• [EXERCISE PROMPT]:
Reproduce every line of the listing as written, apart from the pictures.

• [DATASET EXTRACT]:
★ ★ ★ ★
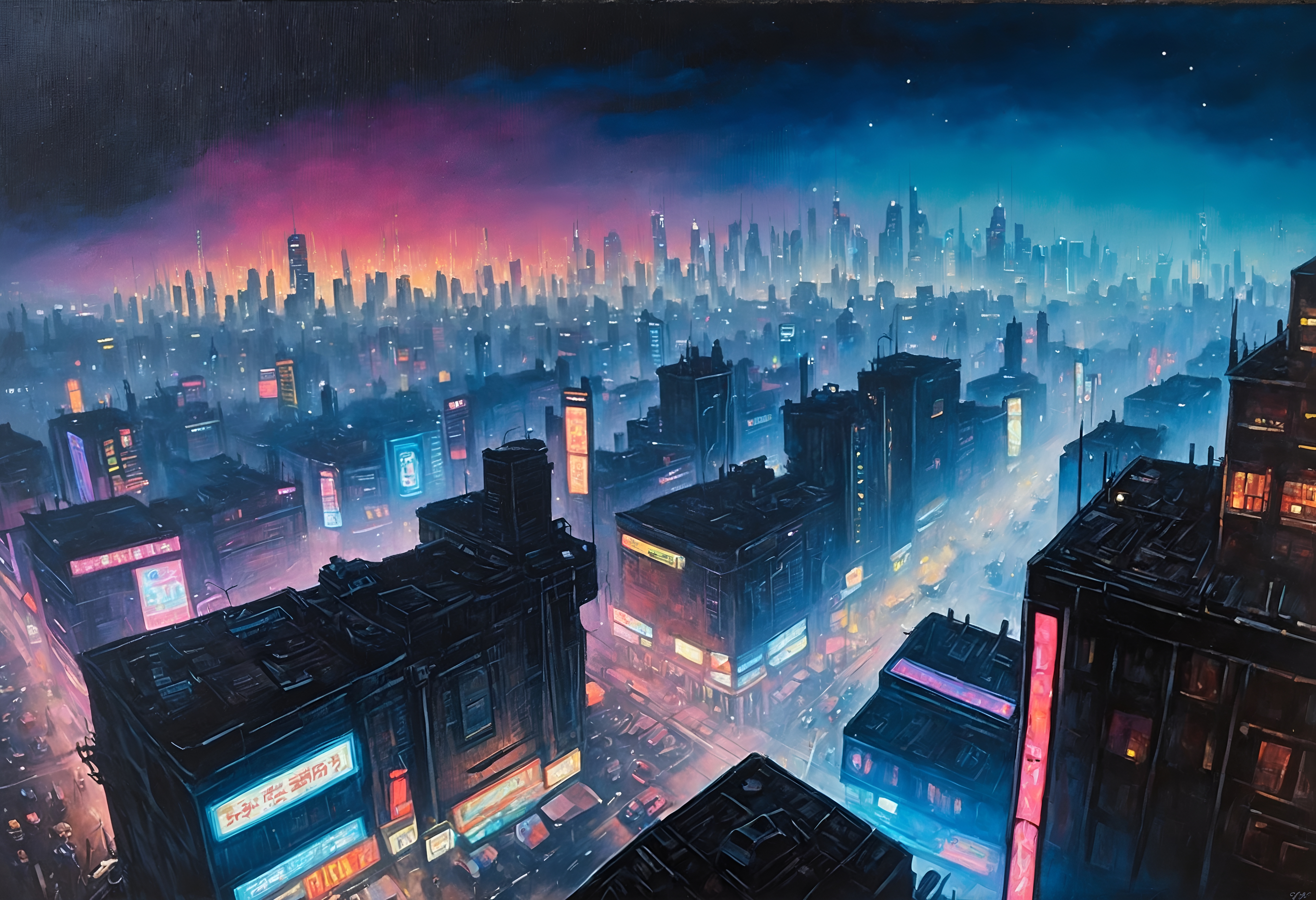 acrylic painting on canvas, birds eye view, rundown cityscape, smog, neon lights, night time, bladerunner style, cyberpunk, bldr, <lora:SDXL\bldr:1.0>
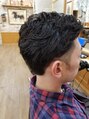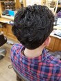 サイドをがつっと刈上げて、ネープは程よく刈上げます。全体に1,5回転のパーマをかけてジェルでオールバックに!無造作感を作って完成です。
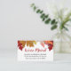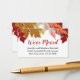 Avez-vous besoin de faire une annonce de déménagement ? Cette carte jointe comporte des feuilles d'automne en haut et deux emplacements pour votre texte personnalisé. Au milieu, vous pouvez modifier le texte affiché « Nous avons déménagé » pour votre message personnalisé. En bas, modifiez le texte pour ajouter votre nom et votre nouvelle adresse.
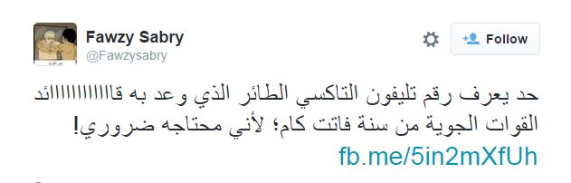 كما سخرFawzy Sabry  قائلًا: “حد يعرف رقم تليفون التاكسي الطائر الذي وعد به قاااااااااااائد القوات الجوية من سنة فاتت كام؛ لأني محتاجه ضروري!.
★ ★ ★ ★
• [RESPONSE BOX]:
 acrylic painting on canvas, birds eye view, rundown cityscape, smog, neon lights, night time, bladerunner style, cyberpunk, bldr, <lora:SDXL\bldr:1.0>
 サイドをがつっと刈上げて、ネープは程よく刈上げます。全体に1,5回転のパーマをかけてジェルでオールバックに!無造作感を作って完成です。
 Avez-vous besoin de faire une annonce de déménagement ? Cette carte jointe comporte des feuilles d'automne en haut et deux emplacements pour votre texte personnalisé. Au milieu, vous pouvez modifier le texte affiché « Nous avons déménagé » pour votre message personnalisé. En bas, modifiez le texte pour ajouter votre nom et votre nouvelle adresse.
 كما سخرFawzy Sabry  قائلًا: “حد يعرف رقم تليفون التاكسي الطائر الذي وعد به قاااااااااااائد القوات الجوية من سنة فاتت كام؛ لأني محتاجه ضروري!.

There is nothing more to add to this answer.